#### Your goal
Without the pictures, print each of the records below exactly as it appears.
START Data extract
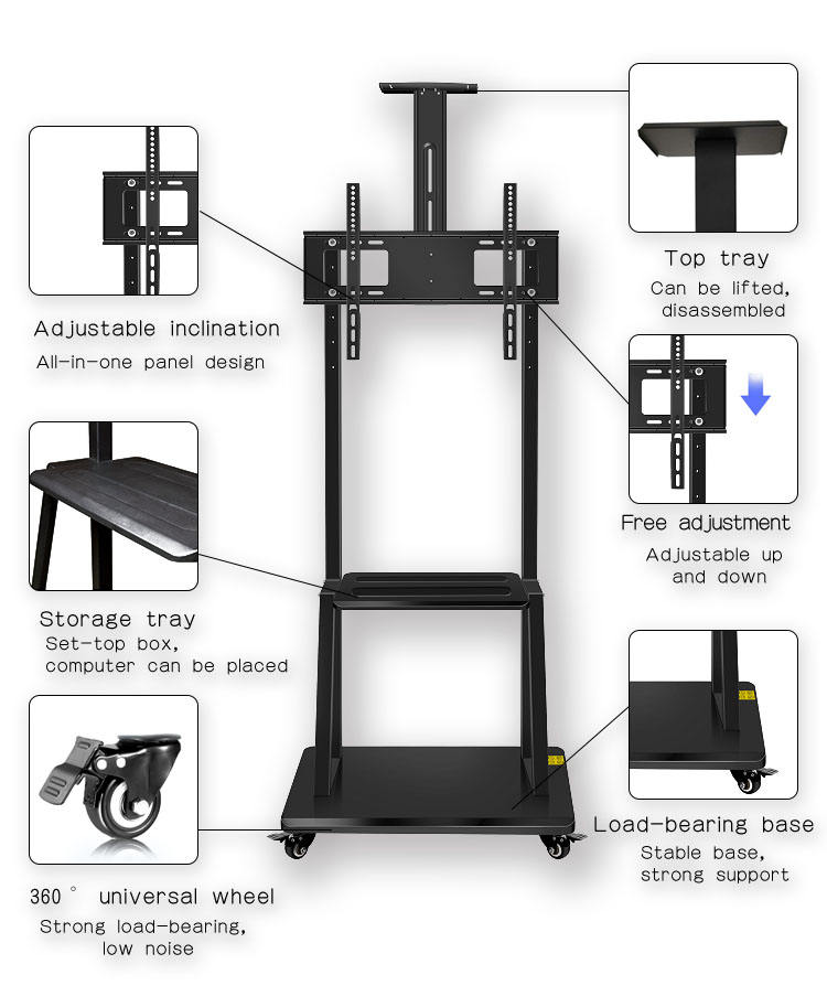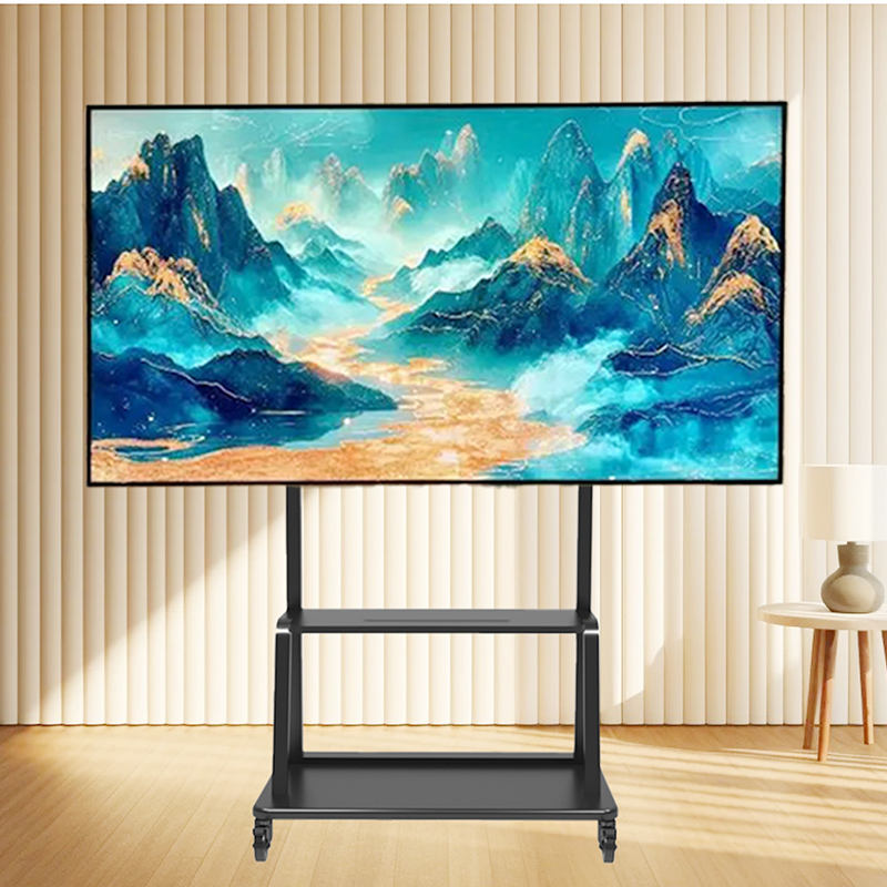 Supporto per Display Interattivo Mobile Personalizzato 65-86 Pollici Carrello Universale con Ruote Bloccabili Scaffale Autoportante in Metallo Carrello per Negozi
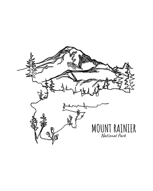 Mount Rainier National Park, Washington Continuous Line Print
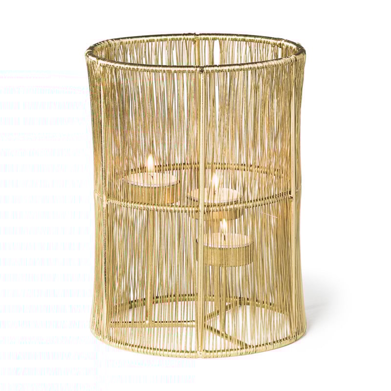 Deze lantaarn met draadjes frame is een echte eyecatcher. Het is helemaal van goud van kleur en dat valt lekker op! In de lantaarn passen meerdere theelichten. De diameter is 15 cm en de hoogte is 20 cm.
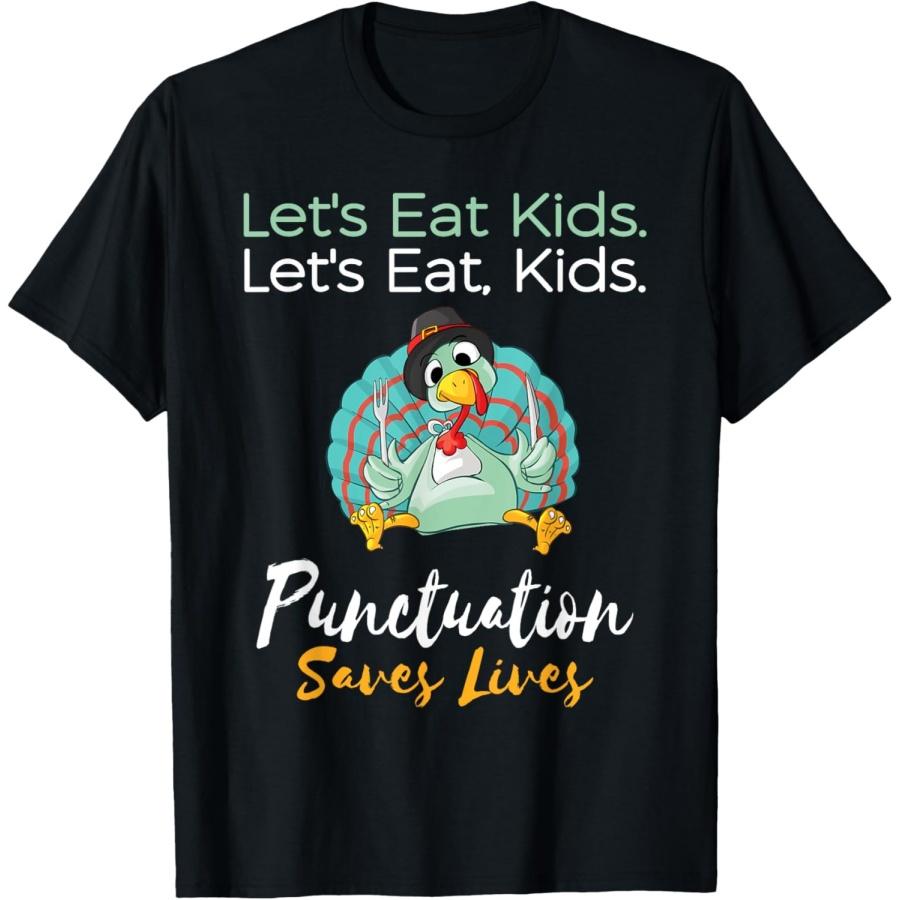 Grateful Gatherings Kids Punctuation Funny Turkey Thanksgiving Teacher T-Shirt
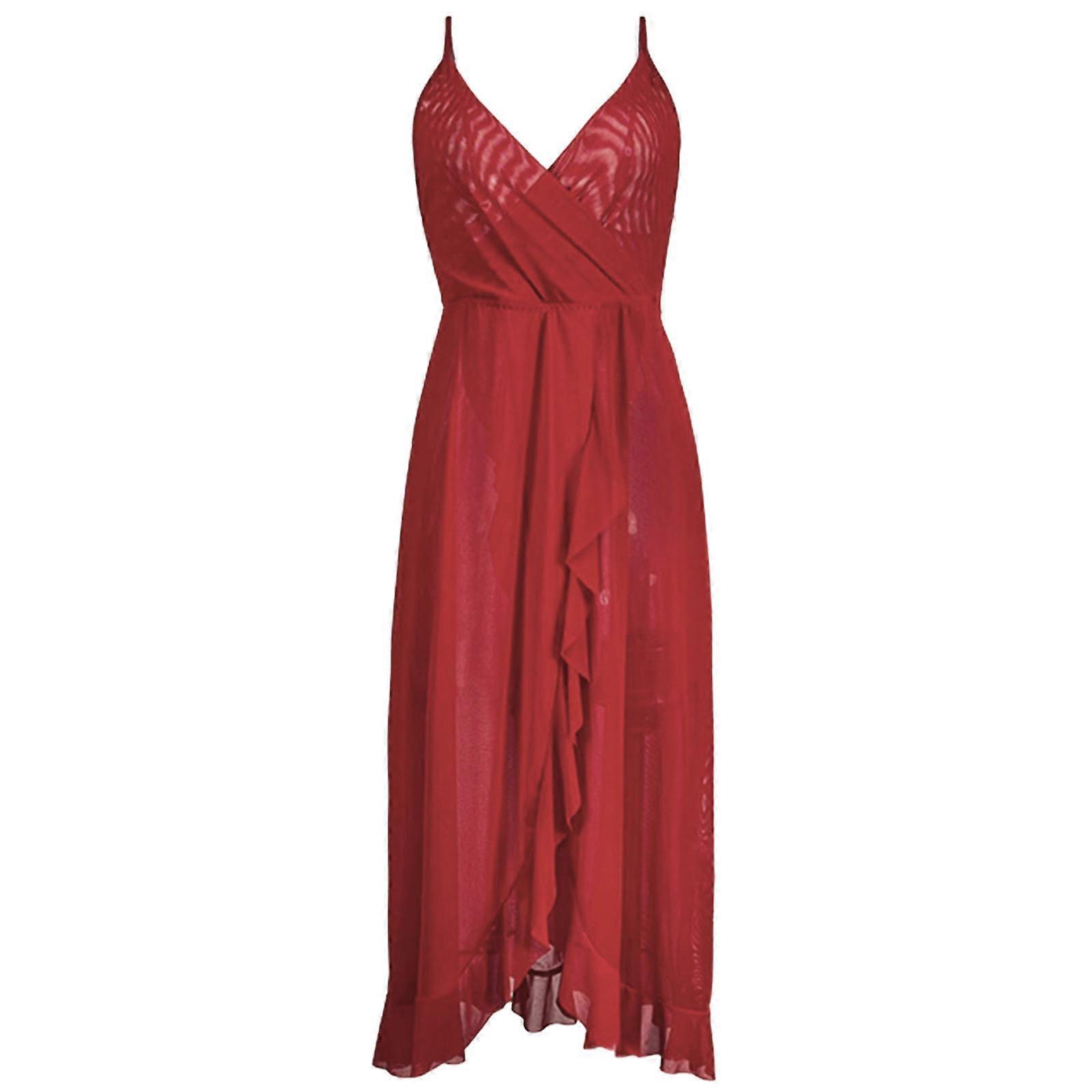 Women Comfortable V Neck Backless Sleeveless Spaghetti Strap Sleep Dress Nightgown With Soft Mesh Fabric For Home Wear Claret S
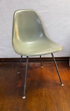 Vintage Charles and Ray Eames molded fiberglass side chairs: one is dark sea foam green, the other is a dark coffee color.
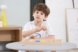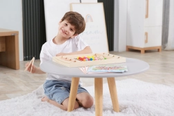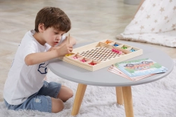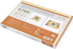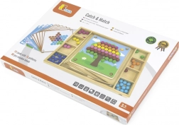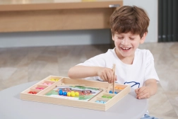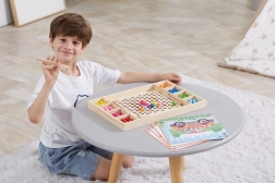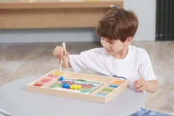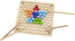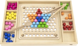 Het houten educatieve spel "Pak en Sorteer" laat kinderen verschillende patronen en kleuren uitproberen volgens de meegeleverde kaarten of hun eigen fantasie. Met dit spel kunnen kinderen het papier op het houten dienblad bevestigen en met behulp van stokjes, een lepel of een klem gekleurde balletjes in de gaten van het bord plaatsen. Zo kunnen ze uiteindelijk prachtige afbeeldingen maken.
END Data extract
#### Result
 Supporto per Display Interattivo Mobile Personalizzato 65-86 Pollici Carrello Universale con Ruote Bloccabili Scaffale Autoportante in Metallo Carrello per Negozi
 Mount Rainier National Park, Washington Continuous Line Print
 Deze lantaarn met draadjes frame is een echte eyecatcher. Het is helemaal van goud van kleur en dat valt lekker op! In de lantaarn passen meerdere theelichten. De diameter is 15 cm en de hoogte is 20 cm.
 Grateful Gatherings Kids Punctuation Funny Turkey Thanksgiving Teacher T-Shirt
 Women Comfortable V Neck Backless Sleeveless Spaghetti Strap Sleep Dress Nightgown With Soft Mesh Fabric For Home Wear Claret S
 Vintage Charles and Ray Eames molded fiberglass side chairs: one is dark sea foam green, the other is a dark coffee color.
 Het houten educatieve spel "Pak en Sorteer" laat kinderen verschillende patronen en kleuren uitproberen volgens de meegeleverde kaarten of hun eigen fantasie. Met dit spel kunnen kinderen het papier op het houten dienblad bevestigen en met behulp van stokjes, een lepel of een klem gekleurde balletjes in de gaten van het bord plaatsen. Zo kunnen ze uiteindelijk prachtige afbeeldingen maken.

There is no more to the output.